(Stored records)
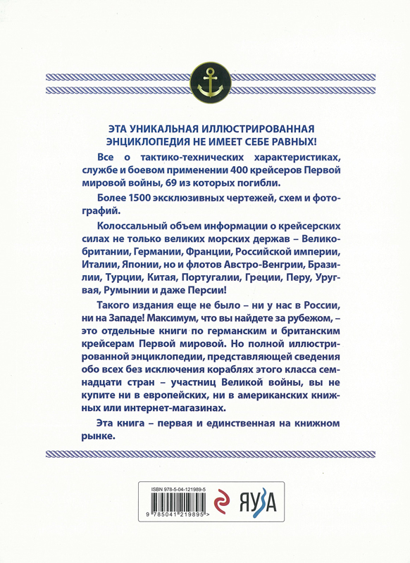 Такого издания еще не было - ни у нас в России, ни на Западе! Максимум, что вы найдете за рубежом, - это отдельные книги по германским и британским крейсерам Первой мировой. Но полной иллюстрированной энциклопедии, представляющей сведения обо всех без исключения кораблях этого класса семнадцати стран - участниц Великой войны, вы не купите ни в европейских, ни в американских книжных или интернет-магазинах.
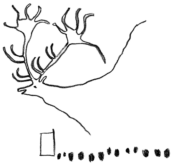 Одну из таких групп точек обычно считают изображением звездного скопления Плеяды. Появление этого скопления в ночном небе отмечало во многих древних культурах начало года. Проходя по пещере, я подошел к последовательности из тринадцати точек, на одном конце которой нарисован прямоугольник. Выше прямоугольника находится огромное изображение оленя в период гона. Дальше по стене есть серия из 26 точек, в конце которой нарисована огромная стельная корова.
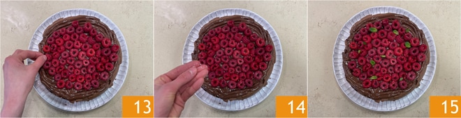 Fahren Sie fort mit den Himbeeren 13, Maldon-Salz 14 und einigen Minzblättern. Ihr Himbeer-Tenerina-Kuchen ist bereit, serviert zu werden 15.
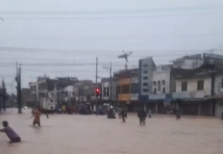 Banjir dilaporkan merendam rumah-rumah warga dengan ketinggian mencapai selutut orang dewasa, bahkan di beberapa tempat tampak cukup tinggi.
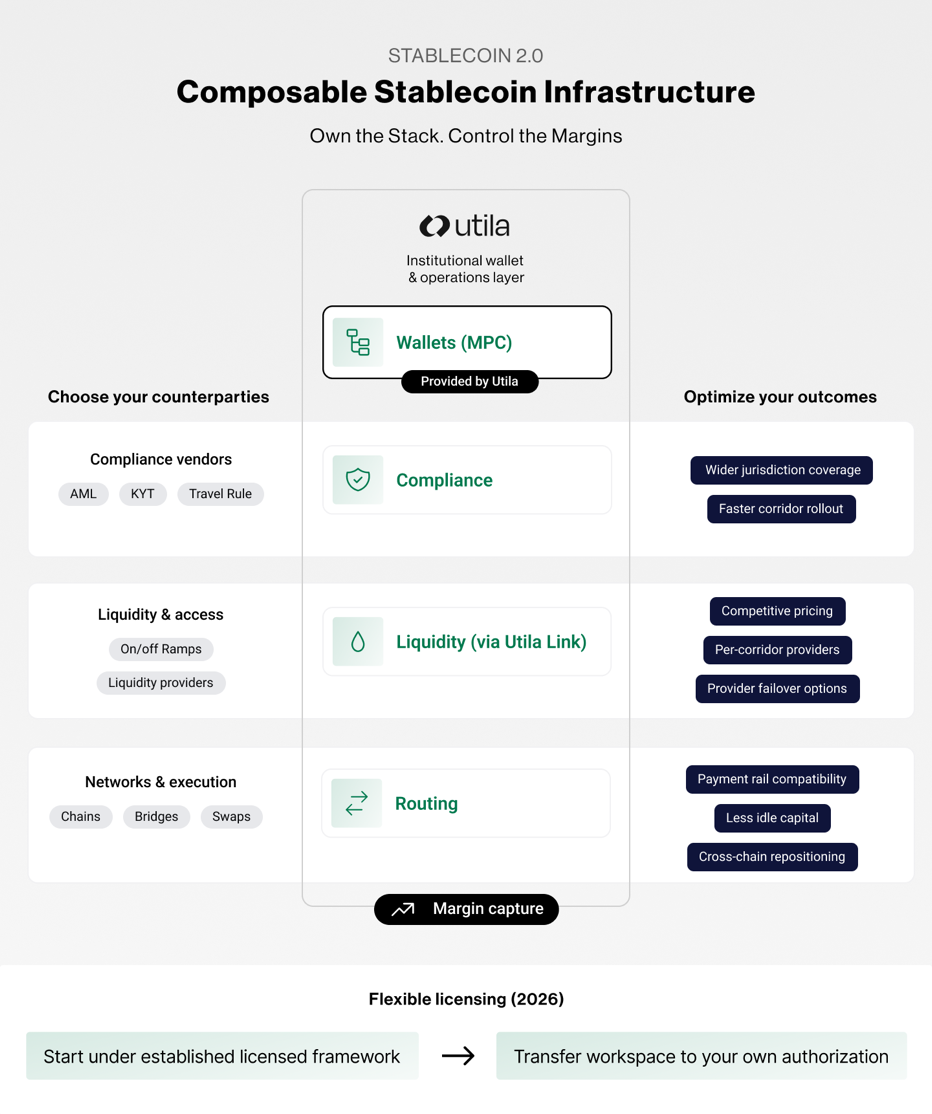 Bentzi: Utila sits at the wallet and operations layer of the stablecoin stack. We provide the infrastructure that institutions use to store, move, and govern digital assets — MPC-based key management, multi-chain wallet creation, policy enforcement, compliance screening, gas management, and the API layer that connects all of it to the institution's backend systems.
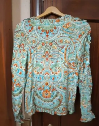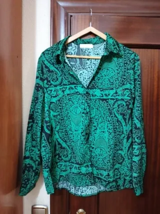 Blusa con un bonito estampado paisley, de Springfield, talla L. Nuevo, sin estrenar. Medidas: ancho de ancho 48 cm, largo 63 cm. Material viscosa. Hago envíos. En persona se entrega en la puerta del Domino's pizza de Avda Puente del Pilar.
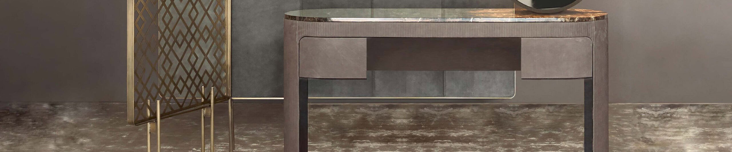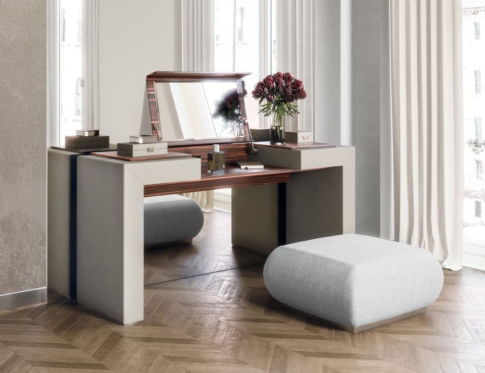 Our luxury designer Italian vanity tables feature collections by leading Italian and international designers. All our makeup vanity tables, dressing tables, and makeup desks can be customized and personalized into one-of-a-kind designs that belong exclusively to you. Our designs are conceived as both functional objects and refined bedroom statements. Features include integrated flip-up mirrors with led lighting and concealed storage. For bespoke makeup vanity solutions and material selections, our design team is available to guide each stage of the process.
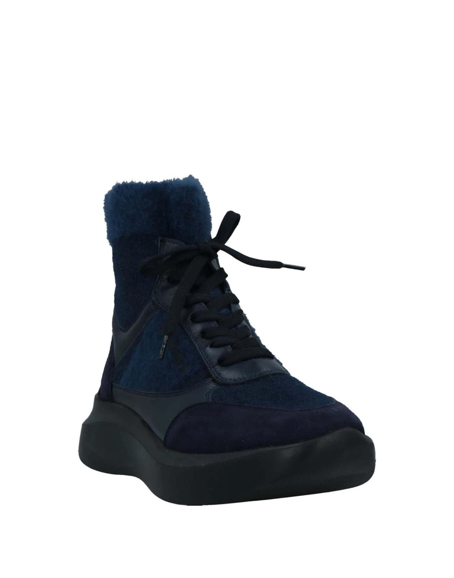 velour, suede effect, brand logo, multicolor pattern, fabric inner, laces, round toeline, flat, rubber sole, contains non-textile parts of animal origin
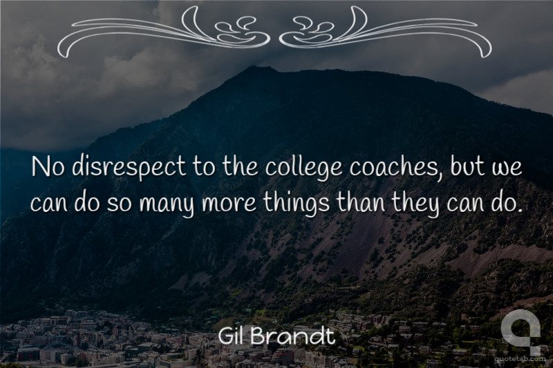 No disrespect to the college coaches, but we can do so many more things than they can do.
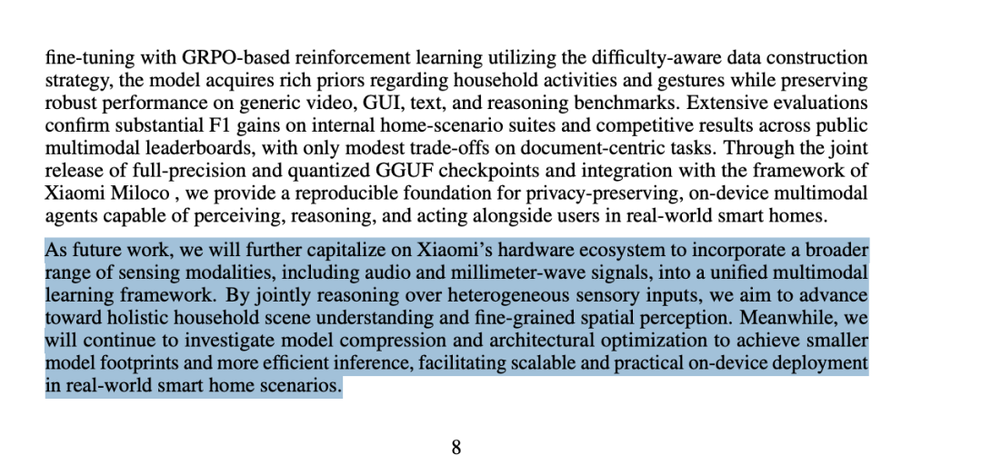 早在小米2025年12月发表的一篇名为《Xiaomi MiMo-VL-Miloco Technical Report》的文章中就明确指出:未来,小米将进一步依托其硬件生态,将音频、毫米波信号等更多感知模态纳入统一的多模态学习框架。通过对多类异构感知输入进行联合推理,最终实现全方位的家居场景理解与精细化空间感知。
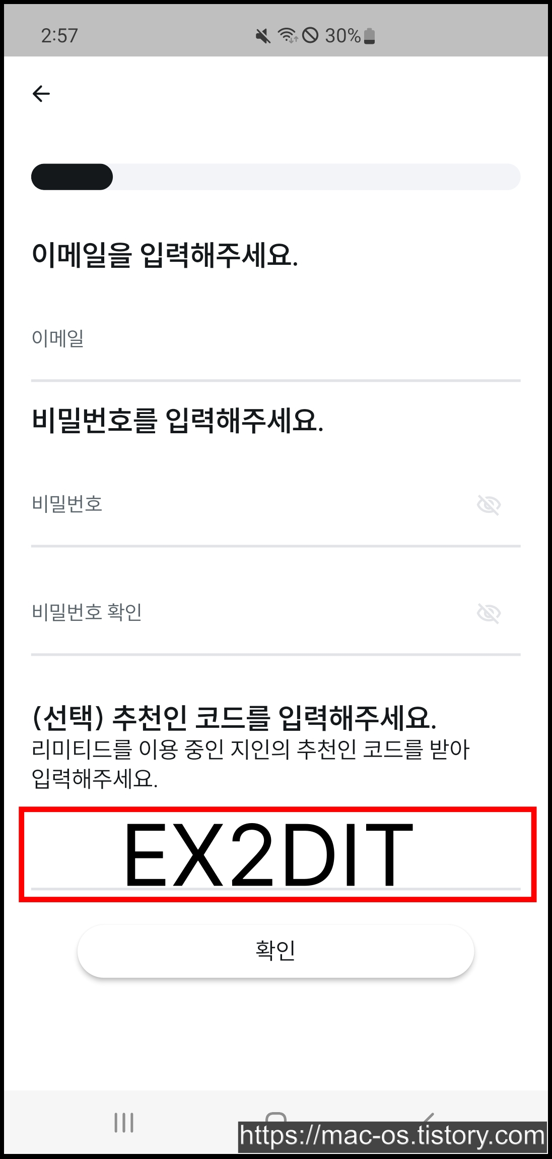 이메일과 비밀번호를 입력하는 페이지에서 추천인을 입력할 수 있다. 추천인은 EX2DIT를 복사해서 입력하면 된다.
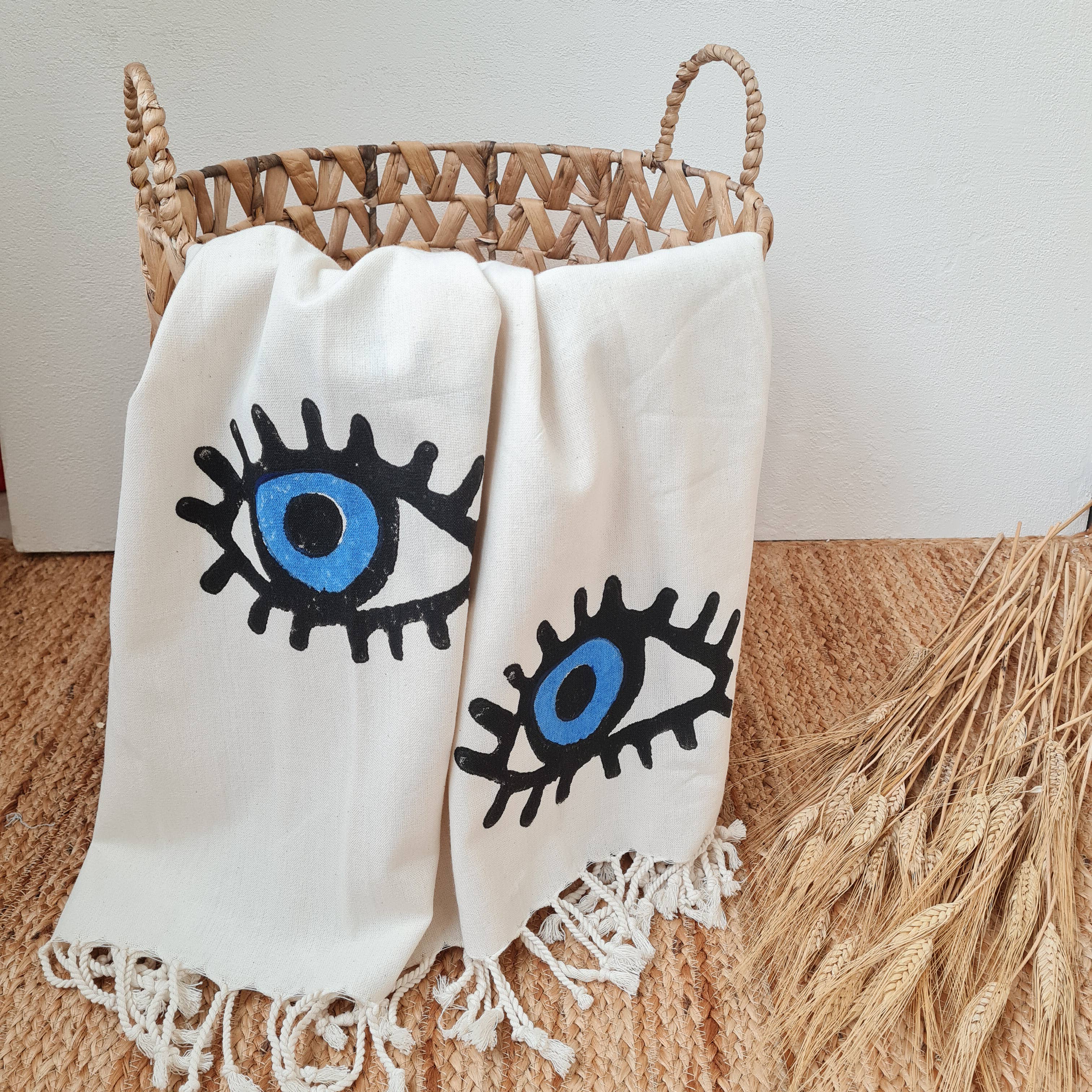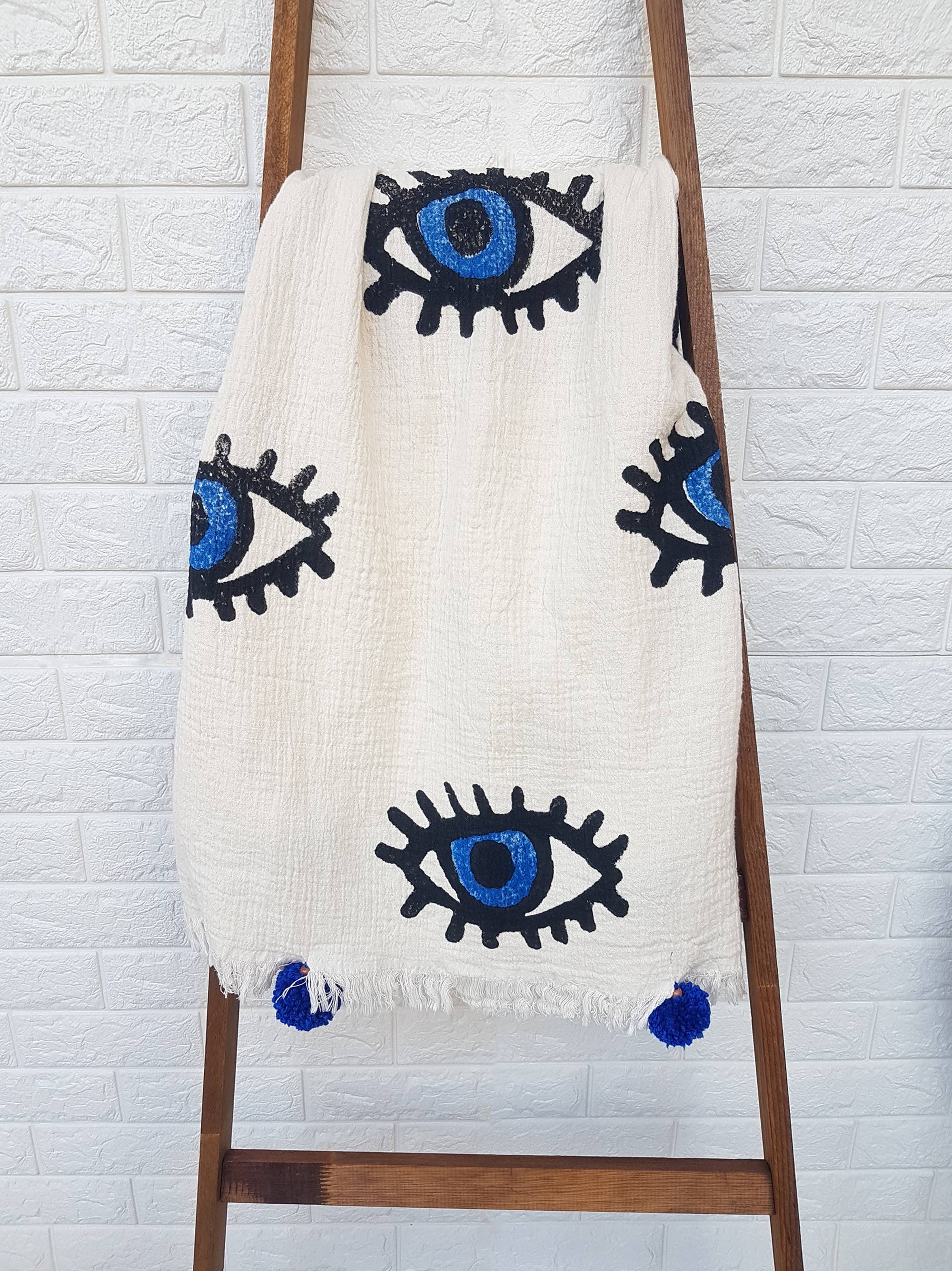Bring some boho vibes to your home with the Evil Eye throw blanket. Made with 100% soft Turkish cotton, this throw boasts a soft, cashmere-like texture, and the celestial-inspired design features an Evil Eye pattern. The handmade fluffy pompoms add a touch of whimsy and coziness, making this throw a must-have for anyone looking to bring a celestial and bohemian vibe to their home decor. The hand-printed Evil Eye pattern adds a touch of mysticism to your space. Plus, the handwoven construction means you can feel good about supporting locally skilled artisans. Whether you're lounging in the living room or enjoying a picnic, this throw blanket is versatile enough to use in any setting. Size - 35.5x79 inches / 90x200cm Washing Instructions - Machine wash cold at a gentle cycle. - No bleach. - Iron on the reverse side Please do not hesitate to reach us with any questions. Thanks for visiting

Requirement: Exact copies of all the entries, without any pictures, are what the answer must contain.

Solution below:
 Такого издания еще не было - ни у нас в России, ни на Западе! Максимум, что вы найдете за рубежом, - это отдельные книги по германским и британским крейсерам Первой мировой. Но полной иллюстрированной энциклопедии, представляющей сведения обо всех без исключения кораблях этого класса семнадцати стран - участниц Великой войны, вы не купите ни в европейских, ни в американских книжных или интернет-магазинах.
 Одну из таких групп точек обычно считают изображением звездного скопления Плеяды. Появление этого скопления в ночном небе отмечало во многих древних культурах начало года. Проходя по пещере, я подошел к последовательности из тринадцати точек, на одном конце которой нарисован прямоугольник. Выше прямоугольника находится огромное изображение оленя в период гона. Дальше по стене есть серия из 26 точек, в конце которой нарисована огромная стельная корова.
 Fahren Sie fort mit den Himbeeren 13, Maldon-Salz 14 und einigen Minzblättern. Ihr Himbeer-Tenerina-Kuchen ist bereit, serviert zu werden 15.
 Banjir dilaporkan merendam rumah-rumah warga dengan ketinggian mencapai selutut orang dewasa, bahkan di beberapa tempat tampak cukup tinggi.
 Bentzi: Utila sits at the wallet and operations layer of the stablecoin stack. We provide the infrastructure that institutions use to store, move, and govern digital assets — MPC-based key management, multi-chain wallet creation, policy enforcement, compliance screening, gas management, and the API layer that connects all of it to the institution's backend systems.
 Blusa con un bonito estampado paisley, de Springfield, talla L. Nuevo, sin estrenar. Medidas: ancho de ancho 48 cm, largo 63 cm. Material viscosa. Hago envíos. En persona se entrega en la puerta del Domino's pizza de Avda Puente del Pilar.
 Our luxury designer Italian vanity tables feature collections by leading Italian and international designers. All our makeup vanity tables, dressing tables, and makeup desks can be customized and personalized into one-of-a-kind designs that belong exclusively to you. Our designs are conceived as both functional objects and refined bedroom statements. Features include integrated flip-up mirrors with led lighting and concealed storage. For bespoke makeup vanity solutions and material selections, our design team is available to guide each stage of the process.
 velour, suede effect, brand logo, multicolor pattern, fabric inner, laces, round toeline, flat, rubber sole, contains non-textile parts of animal origin
 No disrespect to the college coaches, but we can do so many more things than they can do.
 早在小米2025年12月发表的一篇名为《Xiaomi MiMo-VL-Miloco Technical Report》的文章中就明确指出:未来,小米将进一步依托其硬件生态,将音频、毫米波信号等更多感知模态纳入统一的多模态学习框架。通过对多类异构感知输入进行联合推理,最终实现全方位的家居场景理解与精细化空间感知。
 이메일과 비밀번호를 입력하는 페이지에서 추천인을 입력할 수 있다. 추천인은 EX2DIT를 복사해서 입력하면 된다.
Bring some boho vibes to your home with the Evil Eye throw blanket. Made with 100% soft Turkish cotton, this throw boasts a soft, cashmere-like texture, and the celestial-inspired design features an Evil Eye pattern. The handmade fluffy pompoms add a touch of whimsy and coziness, making this throw a must-have for anyone looking to bring a celestial and bohemian vibe to their home decor. The hand-printed Evil Eye pattern adds a touch of mysticism to your space. Plus, the handwoven construction means you can feel good about supporting locally skilled artisans. Whether you're lounging in the living room or enjoying a picnic, this throw blanket is versatile enough to use in any setting. Size - 35.5x79 inches / 90x200cm Washing Instructions - Machine wash cold at a gentle cycle. - No bleach. - Iron on the reverse side Please do not hesitate to reach us with any questions. Thanks for visiting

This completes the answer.